Periodic Reporting for period 4 - NASTAC (Nationalist State Transformation and Conflict)
Periodo di rendicontazione: 2023-05-01 al 2024-10-31
Project team:
Lars-Erik Cederman, PI
Luc Girardin, IT expert
Carl-Müller Crepon, postdoc
Yannick Pengl, postdoc
Guy Schvitz, postdoc
Dennis Atzenhofer, PhD student
Paola Galano Toro, PhD student
Maria Muños, PhD student
Roberto Valli, PhD student
In connection with Work Package 2, two new papers study the size and shape respectively of states after the French Revolution. The papers offer evidence in line with the idea that nationalism has influenced the external dimensions of states. Further contributing to Work Package 2 but also to Work Package 3, our main research efforts concern the link between ethno-nationalist configurations and the outbreak of conflict. While the existing literature on nationalism has relatively little to say about the precise conditions under which nationalist politics trigger internal and interstate conflict, these articles show that specific ethno-nationalist configurations, especially irredentist ones can be linked to a higher risk of political violence.
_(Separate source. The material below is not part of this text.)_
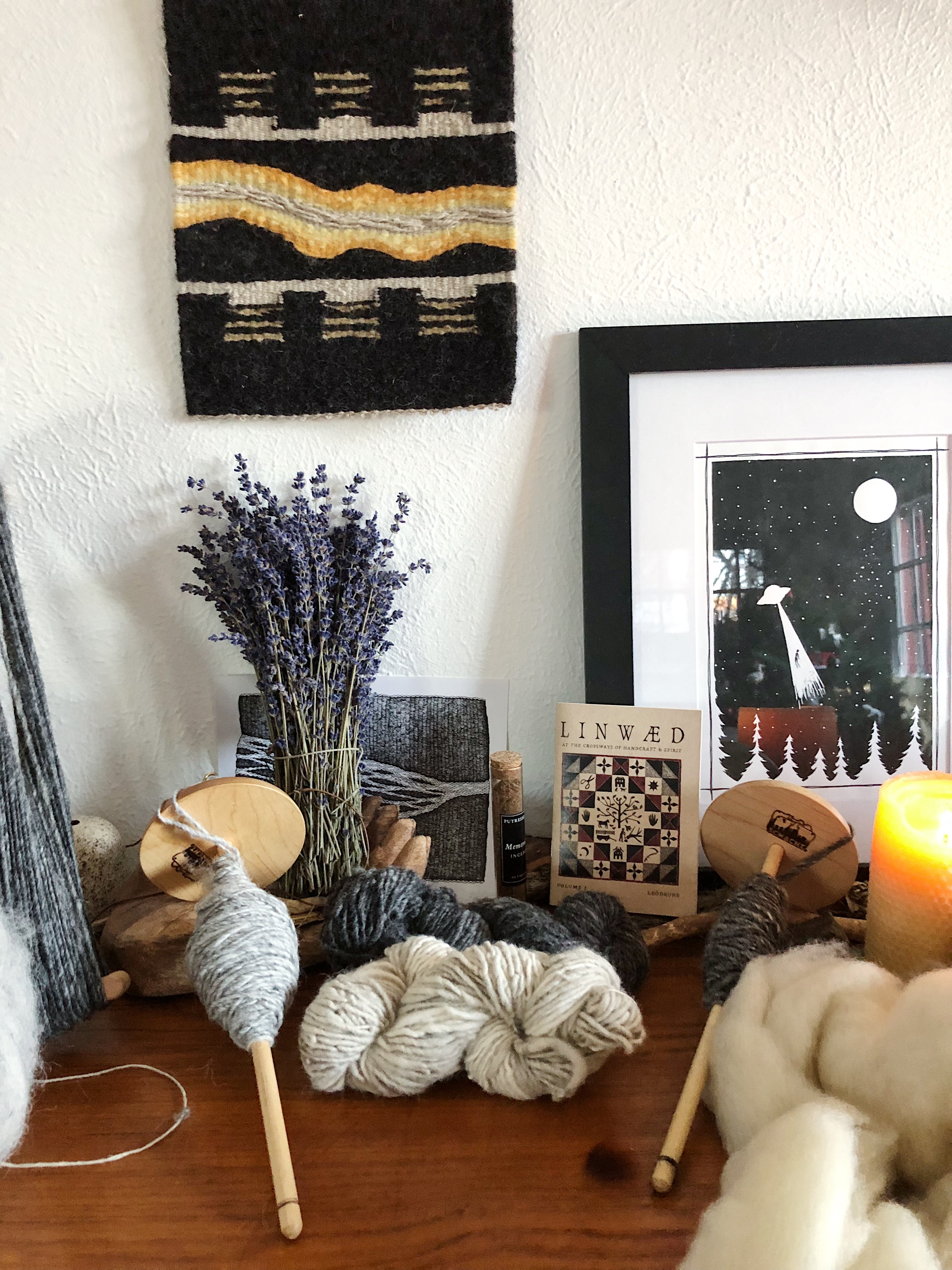 This is the sum total of my current handspun work from the last few months. This picture displays skeins stretching on niddy noddies, skeins in progress on drop spindles, skeins of yarn waiting to be used in weavings, and my balls of shetland roving from various Colorado flocks. Like anyone in late stage capitalism, I often question if I am “productive” enough. It helps sometimes for me to play along with that unwanted inner voice and just put everyone out on display. After standing back and surveying the results, I can always see the hours and hours I have poured into this work of spinning my own favorite gauge of single ply tapestry yarn. I also see all the work that has to be finished still to move onto larger projects.

Moreover, we have found evidence pointing to interaction between internal and interstate conflicts. We have also been able to establish that those ethnic groups that were subjected to a loss of political power and/or unity are over-represented in our conflict statistics. Without questioning the fundamental modernity of contemporary nations, these findings rely on data that go back as far back as 1100 AD.
Finally, using railroad data as a measure of the European states’ penetration of their territories, analysis also indicate that such modernization forays tend to trigger separatism rather than merely integrating them. This analysis focuses primarily on Europe, but as suggested by the third objective, some of them extend the scope of the entire world based on more recent samples. Generally, the findings suggest that the more aligned state borders are with ethnic ones, the less likely conflict becomes. However, this does not imply that border change, for instance through partition is the best way to reduce conflict.
Indeed, as a part of Work Package 3, a separate study shows that partition of states can bring peace by eliminating alien rule, but that power sharing arrangements also help to pacify potentially causing less geopolitical side-effects. So far, we have been able to publish nine articles, and have one more paper under review. In addition, building on these papers, a book is forthcoming with Cambridge University Press with the title “Nationalism and the Transformation of the State: Border Change and Political Violence in the Modern World.”
An analysis using railroad data suggests that modernization efforts often trigger separatism rather than integration. While aligning state and ethnic borders generally reduces conflict, the findings do not necessarily favor border change or partition as a conflict reduction strategy. Additional research indicates that while partition can bring peace by ending alien rule, power-sharing arrangements may also help mitigate conflict with fewer geopolitical side effects.
The project has published nine articles, with one more under review, and a book titled Nationalism and the Transformation of the State: Border Change and Political Violence in the Modern World is forthcoming with Cambridge University Press.